### Source records
▼▼▼

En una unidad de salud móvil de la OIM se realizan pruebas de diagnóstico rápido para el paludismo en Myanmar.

▲▲▲
▼▼▼

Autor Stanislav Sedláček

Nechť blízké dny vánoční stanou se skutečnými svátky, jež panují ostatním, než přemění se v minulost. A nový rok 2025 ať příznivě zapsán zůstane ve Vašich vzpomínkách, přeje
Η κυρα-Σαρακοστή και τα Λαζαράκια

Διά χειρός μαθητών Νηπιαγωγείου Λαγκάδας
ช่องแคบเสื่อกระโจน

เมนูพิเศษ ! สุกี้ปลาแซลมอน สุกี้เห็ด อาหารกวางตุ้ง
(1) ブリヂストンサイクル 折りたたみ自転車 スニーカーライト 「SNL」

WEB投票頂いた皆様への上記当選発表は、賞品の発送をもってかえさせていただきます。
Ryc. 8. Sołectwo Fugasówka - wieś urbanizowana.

▲▲▲

### Brief
In the data above, find the line with "Η κυρα-Σαρακοστή και τα Λαζαράκια" and the line with "Ryc. 8. Sołectwo". Retype both, plus every line between them, exactly.

### Exercise answer
Η κυρα-Σαρακοστή και τα Λαζαράκια

Διά χειρός μαθητών Νηπιαγωγείου Λαγκάδας
ช่องแคบเสื่อกระโจน

เมนูพิเศษ ! สุกี้ปลาแซลมอน สุกี้เห็ด อาหารกวางตุ้ง
(1) ブリヂストンサイクル 折りたたみ自転車 スニーカーライト 「SNL」

WEB投票頂いた皆様への上記当選発表は、賞品の発送をもってかえさせていただきます。
Ryc. 8. Sołectwo Fugasówka - wieś urbanizowana.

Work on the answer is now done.